Mayaro virus (MAYV) is a mosquito-borne alphavirus that is widespread in the Amazon basin, where it co-circulates with the closely related chikungunya virus (CHIKV). Due to the limited surveillance and technical limitations of diagnostic assays (scarcity of commercial assays, serology cross-reactivity), the true burden of MAYV is uncertain. We designed a new RT-qPCR assay targeting the nsp1 gene for MAYV detection, which can be used in monoplex or duplex format. In the duplex format, the new MAYV assay is combined with a CHIKV assay and a second MAYV assay, both previously published. The lower limit of detection with a 95% positivity rate was determined to be <10 RNA copies/μL in monoplex and duplex formats for both MAYV and CHIKV. Monoplex and duplex assays proved to be linear within the tested range of approximately 10 to 10 RNA copies/μL and showed 100% specificity against a wide panel of arboviruses as well as several other pathogens in clinical samples. The testing of CHIKV-positive sera and MAYV-spiked plasma samples confirmed the suitability of the assays in a clinical setting. These assays offer a reliable tool for detection and differentiation of MAYV and CHIKV in endemic settings.IMPORTANCEMolecular diagnostic capabilities for detecting alphaviruses other than chikungunya virus (CHIKV) remain limited. Mayaro virus (MAYV), an emerging mosquito-borne alphavirus, co-circulates with CHIKV in the Americas, making clinical differentiation between the two viruses challenging. To address this, we developed a novel RT-qPCR assay specifically for the detection of MAYV, which can also be used in a duplex format to simultaneously detect and distinguish CHIKV. The assay was thoroughly evaluated in both monoplex and duplex formats and demonstrated high sensitivity and specificity. This new tool is particularly valuable for the detection of MAYV, especially in resource-limited settings, where its duplex format offers efficient and accurate differentiation of acute infections.
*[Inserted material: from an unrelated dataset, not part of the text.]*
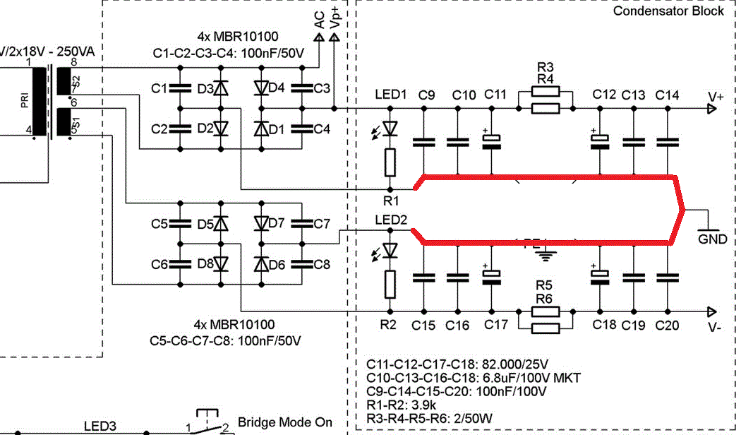 Egyetlen szempont lehet a tápegység puffer kondenzátorainak a bekötésénél - a töltőáramok és az elmenő áramok sohasem lehetnek közös vezetékszakaszon!

马亚罗病毒(MAYV)是一种由蚊子传播的甲病毒,在亚马逊流域广泛存在,在那里它与密切相关的基孔肯雅病毒(CHIKV)共同传播。由于监测有限以及诊断检测存在技术局限性(商业检测稀缺、血清学交叉反应),MAYV的真实负担尚不确定。我们设计了一种针对MAYV检测的靶向非结构蛋白1(nsp1)基因的新型逆转录定量聚合酶链反应(RT-qPCR)检测方法,该方法可采用单重或双重检测形式。在双重检测形式中,新的MAYV检测方法与一种CHIKV检测方法以及另一种先前已发表的MAYV检测方法相结合。对于MAYV和CHIKV,单重和双重检测形式下95%阳性率时的检测下限均确定为<10个RNA拷贝/微升。单重和双重检测方法在约10至10个RNA拷贝/微升的测试范围内被证明具有线性,并且对临床样本中的多种虫媒病毒以及其他几种病原体显示出100%的特异性。对CHIKV阳性血清和MAYV加标血浆样本的检测证实了这些检测方法在临床环境中的适用性。这些检测方法为在流行地区检测和区分MAYV和CHIKV提供了可靠工具。重要性检测除基孔肯雅病毒(CHIKV)之外的甲病毒的分子诊断能力仍然有限。马亚罗病毒(MAYV)是一种新出现的由蚊子传播的甲病毒,在美洲与CHIKV共同传播,这使得两种病毒的临床鉴别具有挑战性。为解决这一问题,我们开发了一种专门用于检测MAYV的新型RT-qPCR检测方法,该方法也可采用双重检测形式同时检测和区分CHIKV。该检测方法在单重和双重检测形式下均经过了全面评估,并显示出高灵敏度和特异性。这种新工具对于检测MAYV特别有价值,尤其是在资源有限的环境中,其双重检测形式能够有效且准确地区分急性感染。